Burlington Jefferson salamander King crossing
A portion of King Road in Burlington has reopened after endangered Jefferson salamander have crossed safely.

It’s all systems go for the salamander today.

March 5 begins the month-long closure of King Road in Burlington to allow the endangered critter safe passage to its breeding ground.

King Road from North Service Rad to Mountain Brow Road will be closed to all traffic during this time.

The closure helps the Jefferson salamander get to nearby run off ponds where the breeding takes place.

Since 2012, Burlington has closed the same section of road for the salamanders to cross which has proven to be a lifesaver for the salamander. They are a nationally and provincially protected endangered species because of habitat loss.

Jefferson salamanders spend most of their lives underground.

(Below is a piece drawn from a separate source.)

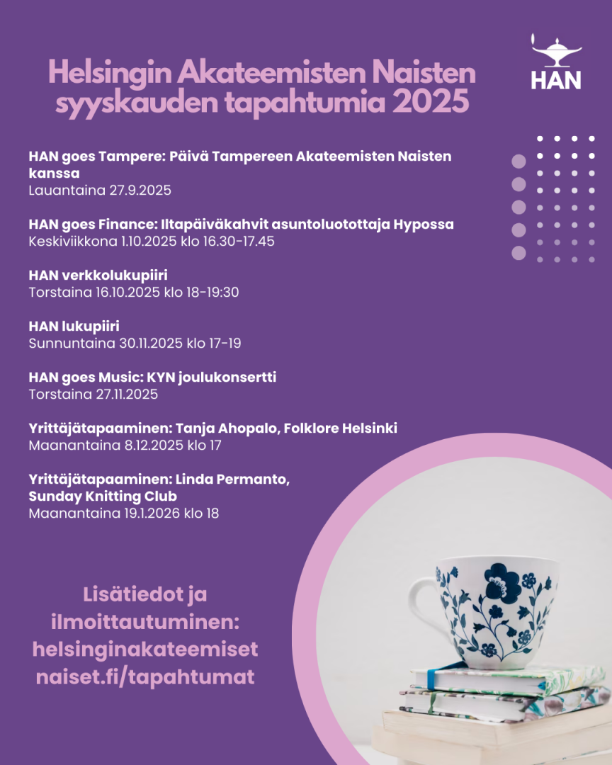 Syyskauden tapahtumien lisätiedot ja ilmoittautuminen kotisivuillamme tapahtumat-sivulla: helsinginakateemisetnaiset.fi/tapahtumat/ Lämpimästi tervetuloa! Lue lisää

As the weather warms up and the spring rains begin, the salamanders emerge and migrate to breed in temporary ponds formed by run-off, laying their eggs in clumps attached to underwater vegetation. Adults leave the ponds after breeding. By late summer, the larvae lose their gills, become air-breathing juveniles and leave the pond to head into the surrounding forests.

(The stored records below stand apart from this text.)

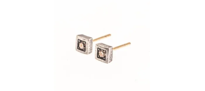 Pendientes de plata envejecida de primera ley (925) y dos diamantes brown de 3mm con un peso aproximado de 0,22 Quilates. Perno en oro amarillo de l8 K.
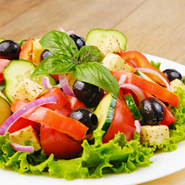 - Starters include hummus, tzatziki, tahini and Greek salad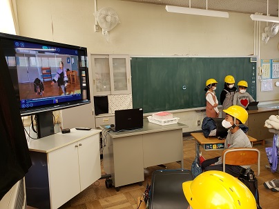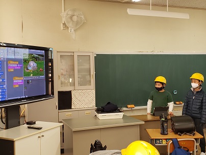 理科グラミング係は、「みんなに理科をゲーム感覚で学んでほしい」ということをねらいに活動しています。写真は、自分たちでプログラミングした「理科物語」を披露しているところです。披露した後には、係の子同士で、「作った甲斐あったね!」と嬉しそうにしていました。

Adult salamanders migrate to their breeding ponds during wet rainy nights. They show a strong affinity for the pond in which they hatched and can be very determined to reach it, sometimes causing them to cross busy roads.

The Jefferson salamander is grey or brown-coloured back, with lighter underparts. Blue flecks may be present on the sides and limbs. They can grow up to 20 cm long and the tail makes up half their length. The salamander can live as long as 30 years.